Reputation: 15
I have this code, which is inspired by others, which is now succesfully merging items starting with '##' with the previous item in the list. However I have weird behaviour, where the last item is disappearing.
List:
tokens = ['Hello', 'this', 'is', 'a', 's', '##e', '##ntenc', '##e']
Checking if something is a subtoken (which has ##)
def is_subtoken(string):
if string[:2] == "##":
return True
else:
return False
Merging the tokens
merged_text = []
for i in range(len(tokens)):
if not is_subtoken(tokens[i]) and (i+1)<len(tokens) and is_subtoken(tokens[i+1]):
merged_text.append(tokens[i] + tokens[i+1][2:])

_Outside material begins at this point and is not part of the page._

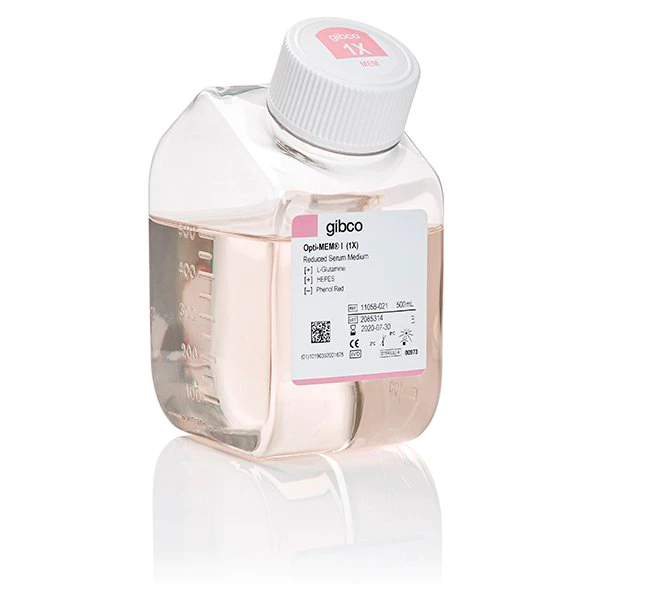 Opti-MEM? I 培養基是一種含有胰島素、轉鐵蛋白、次黃嘌呤、胸苷和微量元素的獨特培養基。這些附加組分可使血清添加量減少至少 50%。Opti-MEM? I 培養基使用碳酸氫鈉緩沖體系 (2.4 g/L),因此需要 5–10% CO2 環境來維持生理 pH 值。

if (i+2)<len(tokens) and is_subtoken(tokens[i+2]):
merged_text[-1] = merged_text[-1] + tokens[i+2][2:]
elif not is_subtoken(tokens[i]):
merged_text.append(tokens[i])
print(merged_text)
This is the output:
['Hello', 'this', 'is', 'a', 'sentenc']
Whereas was expected:
['Hello', 'this', 'is', 'a', 'sentence']
I can't get my head around it. Is there something missing needed to merge a multitude of these '##' items?
Thank you very much.
Upvotes: 0
Views: 207
Reputation: 189297
Your processing seems more complex than it needs to be.
merged = []
for token in tokens:
if token.startswith('##') and merged:
merged[-1] += token[2:]
else:
merged.append(token)
Upvotes: 1
Reputation: 9946
you could just use join, replace, and split pretty easily:
'|'.join(tokens).replace('|##', '').split('|')
edit: you're missing the last element because you never add it unless it's not a token
Upvotes: 2